> [DATA TO EXAMINE]
# # # # # # #

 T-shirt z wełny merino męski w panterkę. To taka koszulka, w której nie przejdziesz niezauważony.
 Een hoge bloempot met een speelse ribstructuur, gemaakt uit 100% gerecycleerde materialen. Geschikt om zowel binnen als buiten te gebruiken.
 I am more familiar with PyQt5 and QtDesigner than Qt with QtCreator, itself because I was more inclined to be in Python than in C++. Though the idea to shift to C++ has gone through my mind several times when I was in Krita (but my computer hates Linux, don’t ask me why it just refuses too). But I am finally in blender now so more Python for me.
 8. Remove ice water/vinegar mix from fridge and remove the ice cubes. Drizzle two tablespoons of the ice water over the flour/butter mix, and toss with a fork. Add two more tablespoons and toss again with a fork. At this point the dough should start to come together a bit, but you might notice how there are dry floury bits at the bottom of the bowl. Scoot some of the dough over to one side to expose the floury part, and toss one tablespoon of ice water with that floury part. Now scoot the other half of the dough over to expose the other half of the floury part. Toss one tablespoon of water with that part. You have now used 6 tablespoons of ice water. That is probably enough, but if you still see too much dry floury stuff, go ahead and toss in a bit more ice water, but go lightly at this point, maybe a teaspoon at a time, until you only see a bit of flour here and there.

# # # # # # #

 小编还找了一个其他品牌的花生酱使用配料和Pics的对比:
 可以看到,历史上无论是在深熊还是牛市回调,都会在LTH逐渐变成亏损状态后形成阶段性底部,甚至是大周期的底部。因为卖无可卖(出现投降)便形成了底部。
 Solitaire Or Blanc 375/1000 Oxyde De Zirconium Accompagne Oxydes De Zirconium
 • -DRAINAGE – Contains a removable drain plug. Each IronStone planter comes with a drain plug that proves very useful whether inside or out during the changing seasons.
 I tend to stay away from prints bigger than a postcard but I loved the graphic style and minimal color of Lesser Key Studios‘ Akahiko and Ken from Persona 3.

# # # # # # #

Among the lines above, find those with the word "from". Copy them.

 8. Remove ice water/vinegar mix from fridge and remove the ice cubes. Drizzle two tablespoons of the ice water over the flour/butter mix, and toss with a fork. Add two more tablespoons and toss again with a fork. At this point the dough should start to come together a bit, but you might notice how there are dry floury bits at the bottom of the bowl. Scoot some of the dough over to one side to expose the floury part, and toss one tablespoon of ice water with that floury part. Now scoot the other half of the dough over to expose the other half of the floury part. Toss one tablespoon of water with that part. You have now used 6 tablespoons of ice water. That is probably enough, but if you still see too much dry floury stuff, go ahead and toss in a bit more ice water, but go lightly at this point, maybe a teaspoon at a time, until you only see a bit of flour here and there.
 I tend to stay away from prints bigger than a postcard but I loved the graphic style and minimal color of Lesser Key Studios‘ Akahiko and Ken from Persona 3.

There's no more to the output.